You do the math. It doesn't take a rocket scientist to figure this one out.


----------



## Chris1973 (Oct 9, 2017)

So many factors here in play. The biggest thing being, Uber does not want anything to do with actually employing drivers, the benefits and matching FICA alone would ruin the business model, not to mention paying for or subsidizing cars/fuel. Not that Taxi companies are any better for the driver or PAX.

No one saw this coming. It's a phenomenon. It was never meant to provide permanent employment. So people *****ing about changing pay due to market conditions does not merit a lot of sympathy from your average Joe. Most of us like to drive our own vehicles and work 40 hours a week.That was my past life anyway.

Uber and the like are just cheap enough to where millions of people can actually commute in large markets for about the same price as owning a vehicle, but keep in mind your trip is being subsidized by Saudi and VC money to the tune of a few billion dollars a year and the free ride is almost over.

Uber and the like will probably survive long term but in the end the rates will end up being about the same as a traditional taxi, so all of this BS was really for nothing but executive bonuses and stop gap gig work for the underemployed.


----------



## Mars Troll Number 4 (Oct 30, 2015)

SEAL Team 5 said:


> The total number of active livery, limo and taxi drivers in the U.S. in 2010 was around 70,000.
> The total number of active livery, limo and taxi drivers in the U.S. in 2017 is around 500,000.
> You do the math.
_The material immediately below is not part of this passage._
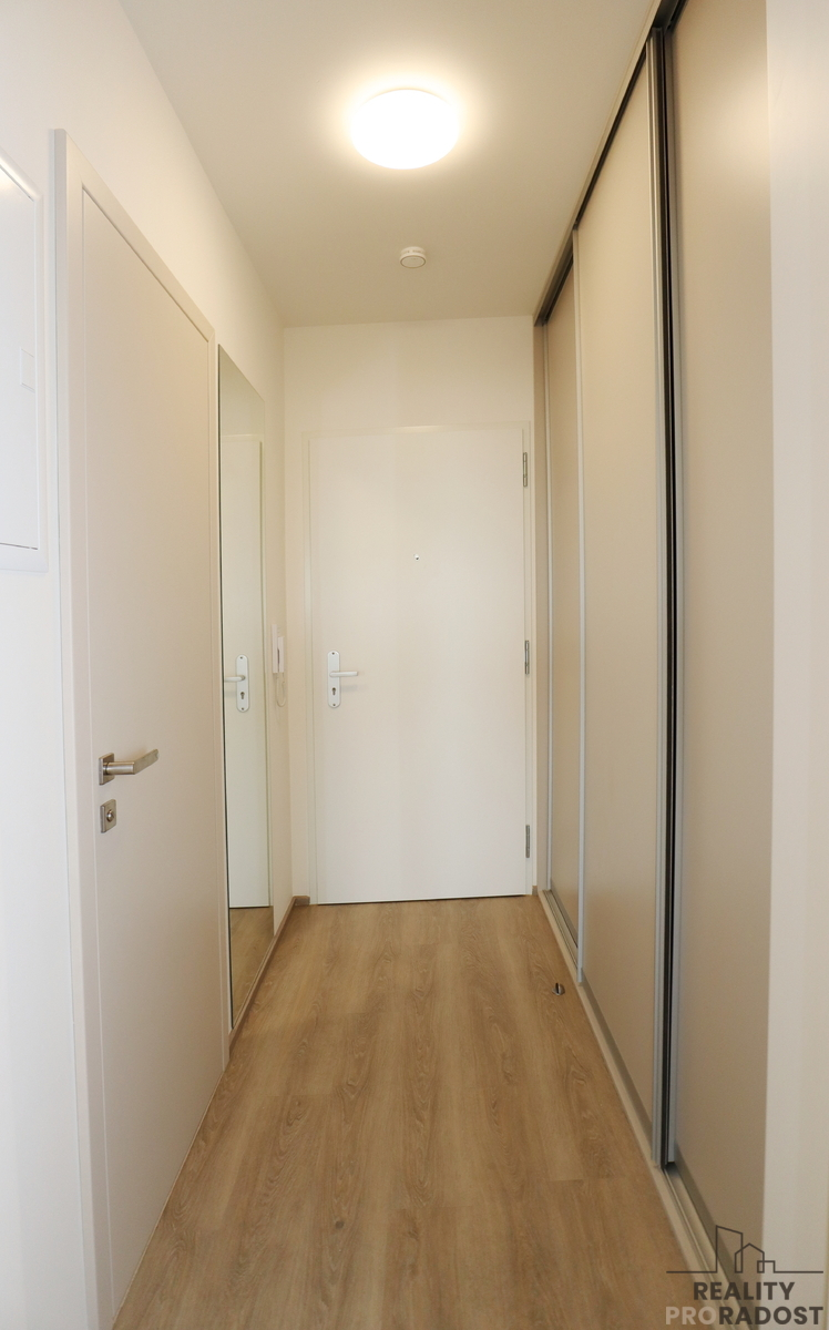 Jednotka se nachází v 6. podlaží novostavby s výtahem a sestává ze vstupní předsíně, ve které je umístěna šatní skříň vyrobená na míru, dále sestává z obytného pokoje s kuchyňským koutem, koupelny se sprchovým koutem a wc. K bytu patří sklepní kóje 4,5m2 a jedno parkovací stání v suterénu domu.

It doesn't take a rocket scientist to figure this one out.


That's not true..

uber HAS WAY more business than the taxis ever had, they are serving places that just flat out never had cab service...

There are taxi fares i get, i like to refer to them as "uber rejects", that being said about 2-3 times a day i get someone getting a cab, who would normally take uber, and there is NO POSSIBLE way that they could afford a taxi on a regular basis..

My last one was taking a bartender (At Chilis, so nowhere special) on a $50 cab ride home from work. Because his cell phone was in a bag of rice.

Would he have taken that $50 cab ride in the days before uber?

Once a week?
(doubtful)

Twice a week?
(that's $100 a week)

5 times a week?
(you'd have to be on crack)

Once in a blue moon?
Maybe...

Well he took uber about 5 times a week either to or from work, for a WEEKLY total of about $70


----------



## ng4ever (Feb 16, 2016)

This is true but it is better for everyone else though!


----------



## SEAL Team 5 (Dec 19, 2015)

Mears Troll Number 4 said:


> That's not true..
> 
> uber HAS WAY more business than the taxis ever had, they are serving places that just flat out never had cab service...


I think you completely missed my point. You do know that rideshare drivers fall under the livery category in most states? And you are correct about the serving of areas and customers that had no prior service. Many seasoned cab drivers always know what areas of town to stay away from.



Mears Troll Number 4 said:


> there is NO POSSIBLE way that they could afford a taxi on a regular basis..


Sh*t, if they can afford a $300/day opioid habit than they can afford a cab. Public transportation, hitchhike, walk or ride a bike if you're broke.


----------



## Mars Troll Number 4 (Oct 30, 2015)

SEAL Team 5 said:


> Sh*t, if they can afford a $300/day opioid habit than they can afford a cab. Public transportation, hitchhike, walk or ride a bike if you're broke.


Instead they get a $10 uber ride that translates into a $30 cab ride...


----------